Я круто обернулся к нему, и Айра, кажется, тоже. Яркие круглые лампочки только что зажглись под козырьком нашего парадного. Симор стоял на обочине, перед входом, раскачиваясь на пятках, засунув руки в карманы своей кожаной куртки, и смотрел на нас. Фонари под навесом парадного освещали его сзади, и лицо его виднелось смутно, тонуло в тени. Ему было десять лет. По его позе, по манере держать руки в карманах, раскачиваться на пятках, словом, по некоему «фактору икс», я понял, что и он тоже до глубины души чувствует волшебную прелесть этого сумеречного часа. «А ты не можешь целиться не так долго? — спросил он, не сходя с места. — Если ты нацелишься и попадешь, значит, тебе просто повезло». Он сказал эти слова как-то доверительно, не нарушая обаяния этого вечера. Нарушил его я сам. Сознательно. Нарочно. "Что значит «повезло», если я целился?" — говорил я негромко (несмотря на курсив), но более раздраженным тоном, чем мне хотелось. Минуту он помолчал, потоптавшись по обочине, посмотрел на меня, я чувствовал — с любовью. "А вот так, — сказал он. — Ведь ты обрадуешься, если попадешь в шарик Айры? Да? Обрадуешься, верно? А раз ты обрадуешься, когда попадешь в чей-то шарик, значит, ты в душе был не совсем уверен, что попадешь. Значит, тут должно быть какое-то везение, случайность, что ли".
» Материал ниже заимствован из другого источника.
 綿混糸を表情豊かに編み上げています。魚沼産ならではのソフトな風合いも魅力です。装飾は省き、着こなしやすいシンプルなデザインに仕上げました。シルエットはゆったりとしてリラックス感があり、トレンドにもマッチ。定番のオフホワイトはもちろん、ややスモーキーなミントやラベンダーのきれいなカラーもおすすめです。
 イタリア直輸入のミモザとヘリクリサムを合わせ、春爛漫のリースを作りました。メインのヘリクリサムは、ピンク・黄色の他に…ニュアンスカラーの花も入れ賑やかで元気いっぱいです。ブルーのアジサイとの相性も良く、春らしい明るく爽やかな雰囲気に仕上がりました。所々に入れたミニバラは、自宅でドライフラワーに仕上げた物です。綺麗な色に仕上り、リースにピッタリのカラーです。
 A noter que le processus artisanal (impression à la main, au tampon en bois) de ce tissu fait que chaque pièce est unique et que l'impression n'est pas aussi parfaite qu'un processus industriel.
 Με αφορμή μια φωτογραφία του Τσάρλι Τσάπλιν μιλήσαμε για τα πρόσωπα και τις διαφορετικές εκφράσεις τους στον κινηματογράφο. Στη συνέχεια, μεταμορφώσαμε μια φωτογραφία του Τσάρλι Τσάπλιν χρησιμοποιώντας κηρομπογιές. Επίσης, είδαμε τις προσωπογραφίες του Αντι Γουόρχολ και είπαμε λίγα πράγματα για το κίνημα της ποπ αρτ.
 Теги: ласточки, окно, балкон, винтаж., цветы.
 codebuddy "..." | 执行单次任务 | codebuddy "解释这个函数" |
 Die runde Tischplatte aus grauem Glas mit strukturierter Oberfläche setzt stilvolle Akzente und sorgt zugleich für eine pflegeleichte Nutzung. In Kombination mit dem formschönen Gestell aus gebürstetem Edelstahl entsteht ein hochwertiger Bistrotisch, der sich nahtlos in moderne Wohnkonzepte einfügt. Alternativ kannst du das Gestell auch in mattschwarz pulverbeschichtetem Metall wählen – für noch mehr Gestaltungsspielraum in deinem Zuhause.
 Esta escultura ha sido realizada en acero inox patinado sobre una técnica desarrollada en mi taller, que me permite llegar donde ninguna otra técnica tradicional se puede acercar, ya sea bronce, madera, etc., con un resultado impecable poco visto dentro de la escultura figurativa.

Он сошел с тротуара на мостовую, не вынимая рук из карманов, и пошел к нам. Мне показалось, что он задумался, и потому переходит темную улочку очень медленно. В сумерках он подплыл к нам, как парусная шхуна. Но оскорбленное самолюбие овладевает человеком быстрее всего на свете: он еще не успел к нам подойти, как я бросил Айре: «Все равно надо кончать, уже совсем темно», — и торопливо бросил игру.
От этого короткого «пентименто» — или как оно там называется — я сейчас буквально покрылся испариной с ног до головы. Хочу закурить, но в пачке ни одной сигареты, а вставать с кресла неохота. Господи, твоя воля, до чего это благородная профессия! Хорошо ли я знаю своего читателя? Что я могу рассказать ему, чтобы зря не смущать ни его, ни себя? Могу сказать одно: и в его, и в моем сознании уже уготовано место для каждого из нас. Я свое место в жизни, до последней минуты, осознавал всего раза четыре. Сейчас осознаю в пятый раз. Надо хоть на полчаса лечь на пол, отдохнуть. Извините меня, пожалуйста.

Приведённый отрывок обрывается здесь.